With help from local officials behind the controls of giant excavators, developer Weston Urban broke ground Thursday for a soaring residential tower in the heart of the downtown business district.
Mayor Ron Nirenberg and Judge Nelson Wolff turned the ceremonial dirt to kick off a project the developer calls 300 Main, a 354-unit high-rise and six-level parking garage at North Main Avenue and East Travis Street.
Set to be completed in spring 2024, the tower will span 32 stories, taller than the neighboring 24-story Frost Tower, making it one of the tallest structures in downtown San Antonio.
Already, construction teams and heavy equipment are at work on the narrow 1-acre parcel of land formerly used as a parking lot.
Randy Smith, CEO and co-founder of Weston Urban said the event was a celebration of what is to come. “And that is that in two years’ time, a hot, soulless asphalt parking lot … will transform — by the work of a lot of great San Antonians— into 32 stories of beauty and progress and, really, homes,” he said.
In addition to housing, the tower will offer 6,275-square-feet of ground-floor retail space and a 25th-floor lounge with unobstructed views.
The Class AA apartments averaging 924 square feet will be leased at market rates.
The project was awarded $7.5 million in Center City Housing Incentive Policy (CCHIP) incentives to include a 15-year local tax rebate.

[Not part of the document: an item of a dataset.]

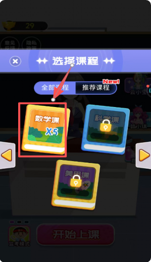 1、进入课程选择界面,可看到 “全部课程” 标签下有 “数学课” 选项,标识 “×5”,同时存在锁定状态的课程。

The terms of the incentives agreement call for the developer to contribute almost $2.2 million to the Affordable Housing Fund.
Nirenberg said the tower sends a “clear signal” that San Antonio is moving in the right direction.
“Investments we all know in downtown are a vote of confidence in our entire city and the growing demand for living space in the city’s core speaks volumes about the high quality of downtown living that we expect in our city,” he said. “It’s a type of asset that attracts employers and employees to the urban core and, most importantly, more living units help address the housing demand that extends across the entire city.”
The general contractor for 300 Main, designed by Austin-based architecture firm Page, is Rogers-O’Brien Construction. The estimated cost of construction is $107 million.
Smith said development projects like 300 Main are less common in downtown San Antonio than in the suburbs because of site constraints in the urban core and the archaeological work that is required in a city that’s over 300 years old.
“And, honestly, while the world is awash in capital, San Antonio is not,” he said. Such projects are not easy to finance at a time when there are many other cities further along in their development and more attractive to investors.
Also on Thursday, Weston Urban announced a new ground-floor food and beverage tenant will open in May in the Rand Building, 114 E. Houston St.
The restaurant, Double Standard, will feature American tavern fare and is the creation of the Empty Stomach Group which operates Barbaro, Little Death, Hot Joy and other San Antonio restaurants.
In early 2023, a Chick-fil-A restaurant with dine-in and a drive-through service also will open in the Rand, at 110 E. Houston St.